Paco España, en aquel momento y en Madrid,
abanderaba todo eso. Era de aquellos transformistas que adoraban la
copla española y que, cuando ésta parecía a punto de morir intoxicada de
su propia caspa, supieron convertirla en símbolo de sí mismos. Cuando
Paco salía al escenario gritando «¡Guerra para mi cuerpo!» y taconeaba
desgarrado y racial dispuesto a cantar Mi vida privada o La Tomate, abanicándose con el estilo de su admirada Lola Flores, el público aullaba y aplaudía hasta el delirio. «No puedo con la gente -cantaba- que tiene hipocresía»,
y el antro se venía abajo, sobre todo cuando había policías de la
secreta en el local, y Paco tenía que salir maquillado pero con
pantalones y sin peluca, para cantar: «Me conocen por detrás, dijo un niño de Barbate», o, abanicándose los bajos: «La Tomate, qué ganas tiene de chocololate».
A veces, después del espectáculo, se reunía con nosotros en un garito
de la calle Huertas, a charlar un rato.
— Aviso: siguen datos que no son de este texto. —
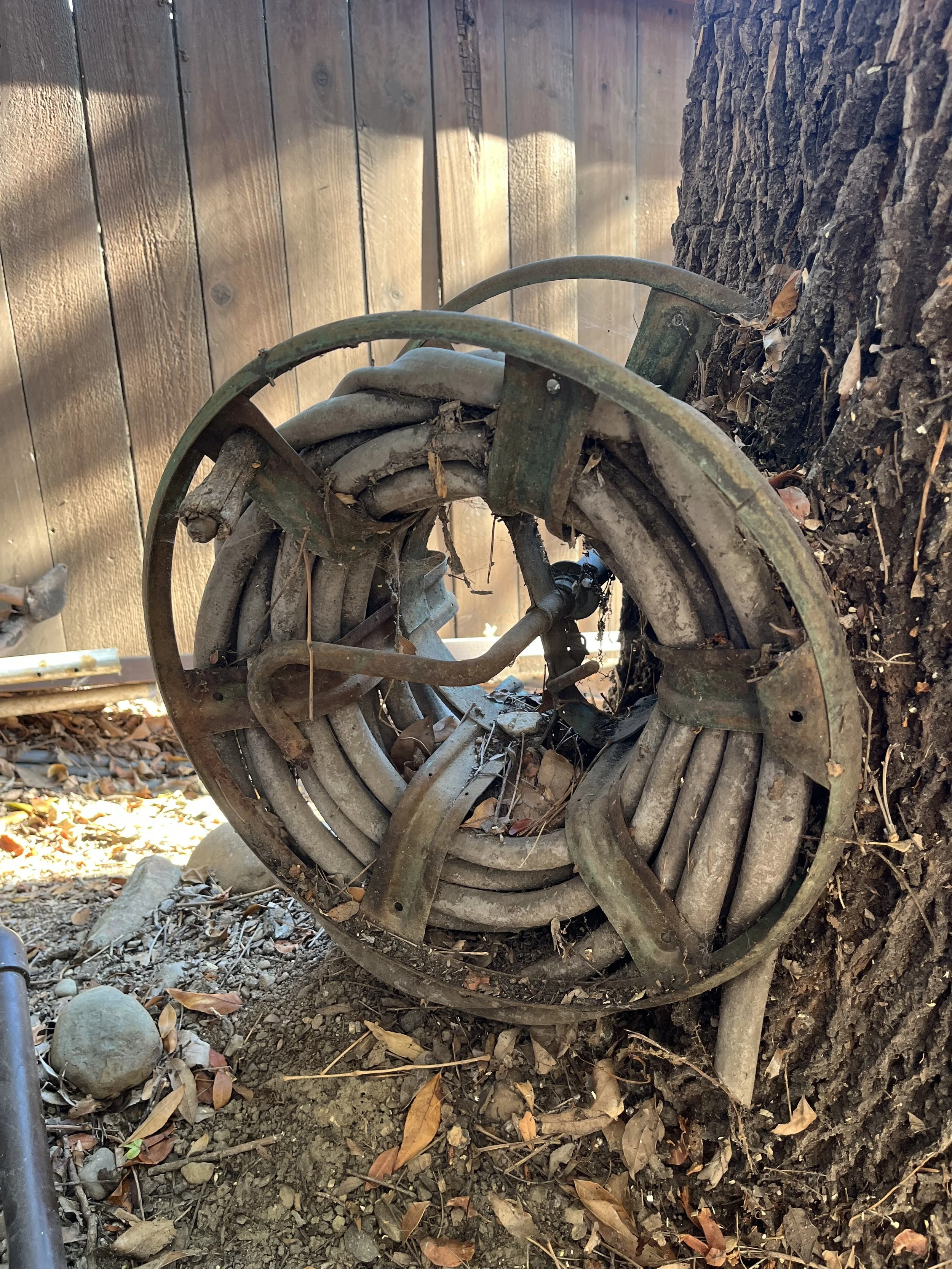 In case you’re wondering… YES. The tree grew around the hose reel, and now they are one piece. I wonder how many years it took for that to happen.

Supe así que había empezado de
niño en la radio, imitando a Joselito. Era gracioso y descarado, con un
fondo de ternura tímida que afloraba con el alcohol. Contaba buenas
historias y sabía ponerse bravo cuando algún imbécil lo tomaba por la
mariquita blanda que no era. Lo recuerdo, sobre todo, como una buena
persona.
Luego me fui a otros reportajes y otros lugares.
Tan lejos, que de la muerte de Franco tardé en enterarme tres días. Y
una vez, durante un regreso, Paco España ya no estaba, o cerraron el Gay
Club; no recuerdo bien. Sé que le perdí la pista y sólo supe de él más
tarde. Había hecho teatro, me dijeron, y lo vi en una breve aparición en
Un hombre llamado Flor de Otoño, la película de Pedro Olea. Nada
más. Ahora sé que su representante lo engañó, quitándoselo todo, y que
acabó arruinado y alcohólico, rodando, como las mujeres trágicas de las
coplas que le oí cantar, de mostrador en mostrador. Por eso hoy, para
ofrecerle algo más que las pocas líneas que a su muerte se han dedicado,
comparto con ustedes su memoria. Mi carcajada afectuosa cuando lo
recuerdo taconeando por el escenario, pararse a mi lado, tocarme el
hombro con el abanico y decir: «Vete lavando, que esta noche serás mía».